> _GIVEN ENTRIES_
_ _ _

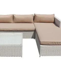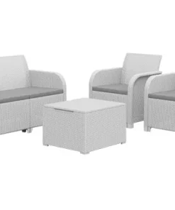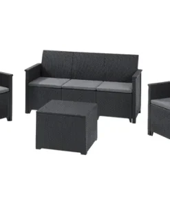Set da Giardino in Rattan con Tavolo Contenitore + Divano e 2 Poltrone con Cuscini KETER ROSALIE
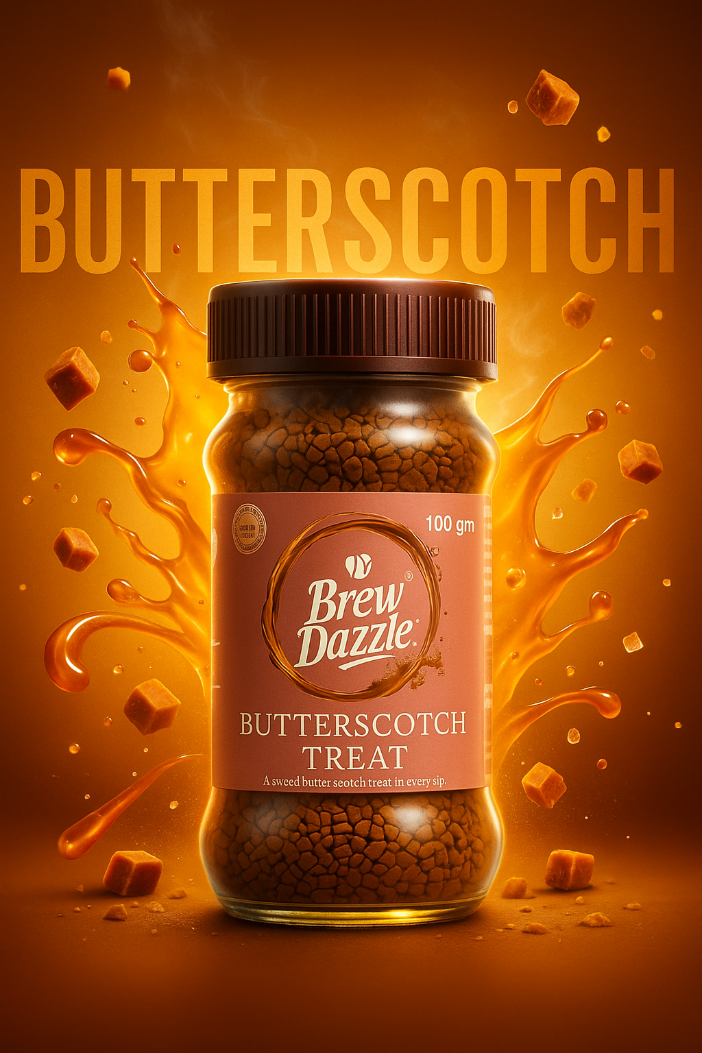 BREWDAZZLE Butterscotch Treat Instant Coffee Granules is a delightful blend of premium Arabica coffee and rich butterscotch flavor, perfect for coffee lovers who enjoy a sweet, aromatic twist. This instant coffee dissolves easily in hot water or milk, offering a quick and convenient way to enjoy your favorite coffee. Available in 50g, 100g, and 200g , 1kg packs, it’s ideal for morning refreshment, office breaks, or cozy evening indulgence. Sip the magic, feel the dazzle with every cup of BREWDAZZLE Butterscotch Treat Instant Coffee Granules, and enjoy a flavorful experience that brightens your day.
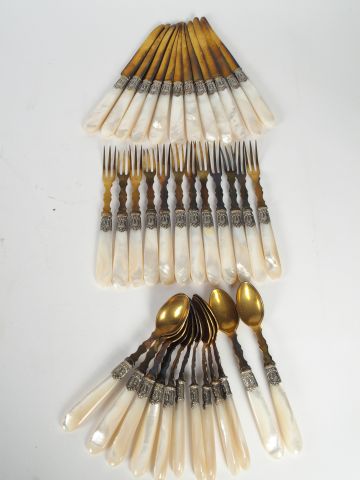 Suite de couverts à dessert en métal doré et manche en nacre.
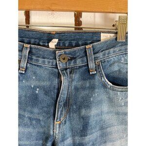 Rag and Bone Women Size 28 Medium Wash Denim Boyfriend Jean Distressed Bleach Splashed Spots
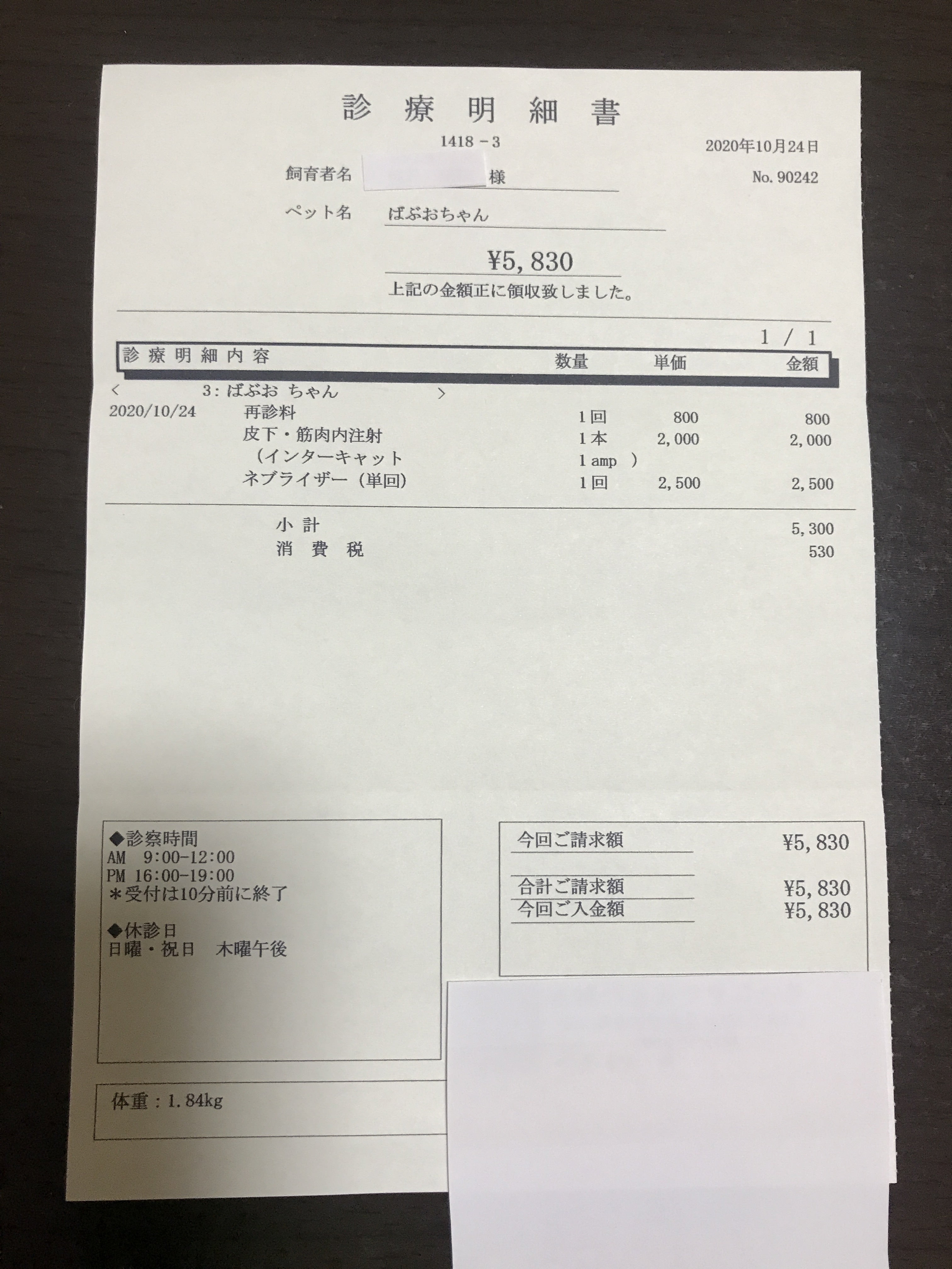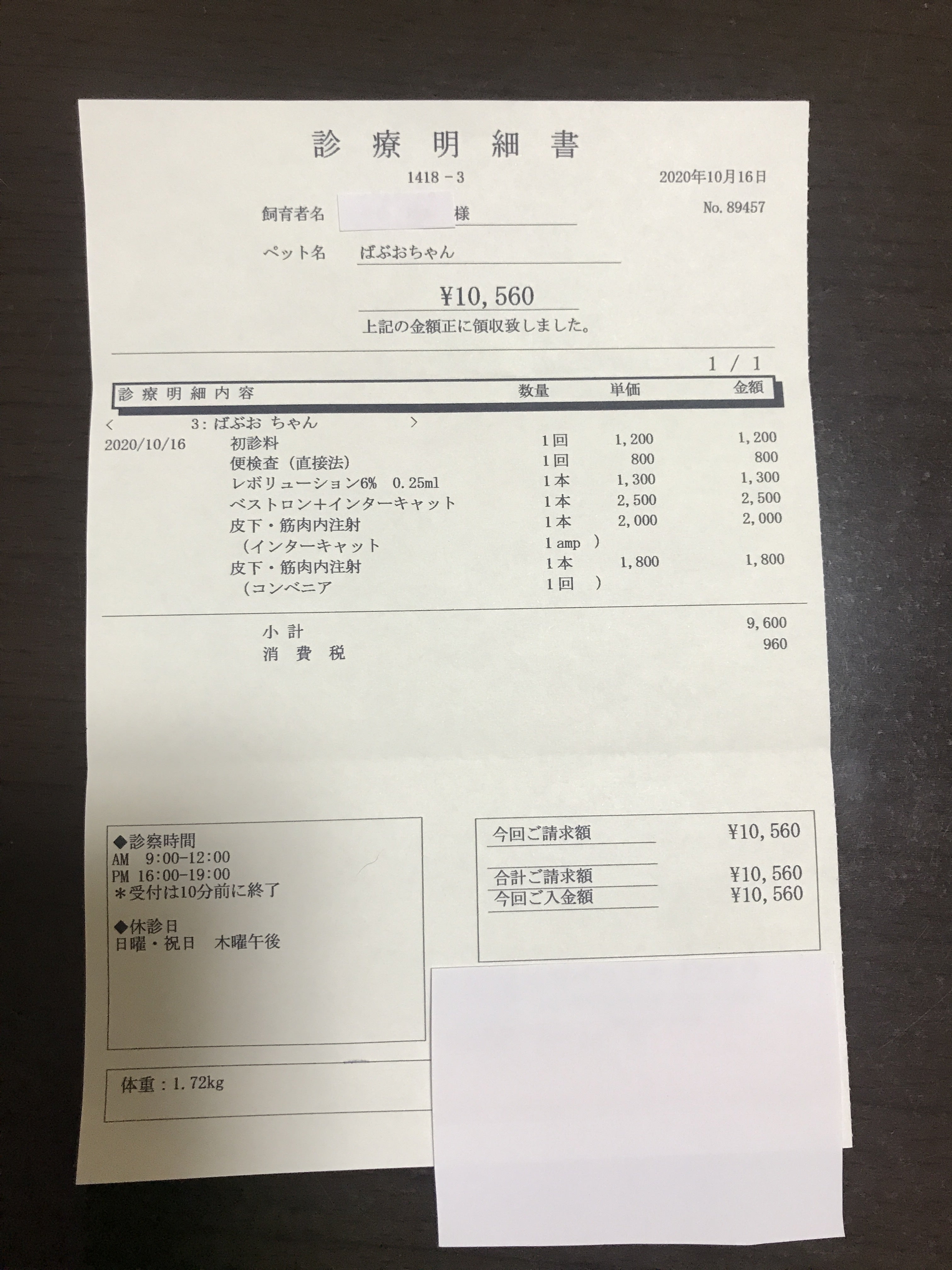 元々食が細かったのですが、少しずつ食べるようになり体重も増えていたので風邪が長引いているものだと思っていました。この日は注射を打ってもらい、1週間後に経過を見せに来て下さいとの事でした。

_ _ _

> _ACTIVITY_
Write out again, word for word, the lines from the one holding "BREWDAZZLE Butterscotch Treat Instant Coffee Granules is" through the final line of the listing, including both ends but no pictures.

> _REPLY_
 BREWDAZZLE Butterscotch Treat Instant Coffee Granules is a delightful blend of premium Arabica coffee and rich butterscotch flavor, perfect for coffee lovers who enjoy a sweet, aromatic twist. This instant coffee dissolves easily in hot water or milk, offering a quick and convenient way to enjoy your favorite coffee. Available in 50g, 100g, and 200g , 1kg packs, it’s ideal for morning refreshment, office breaks, or cozy evening indulgence. Sip the magic, feel the dazzle with every cup of BREWDAZZLE Butterscotch Treat Instant Coffee Granules, and enjoy a flavorful experience that brightens your day.
 Suite de couverts à dessert en métal doré et manche en nacre.
 Rag and Bone Women Size 28 Medium Wash Denim Boyfriend Jean Distressed Bleach Splashed Spots
 元々食が細かったのですが、少しずつ食べるようになり体重も増えていたので風邪が長引いているものだと思っていました。この日は注射を打ってもらい、1週間後に経過を見せに来て下さいとの事でした。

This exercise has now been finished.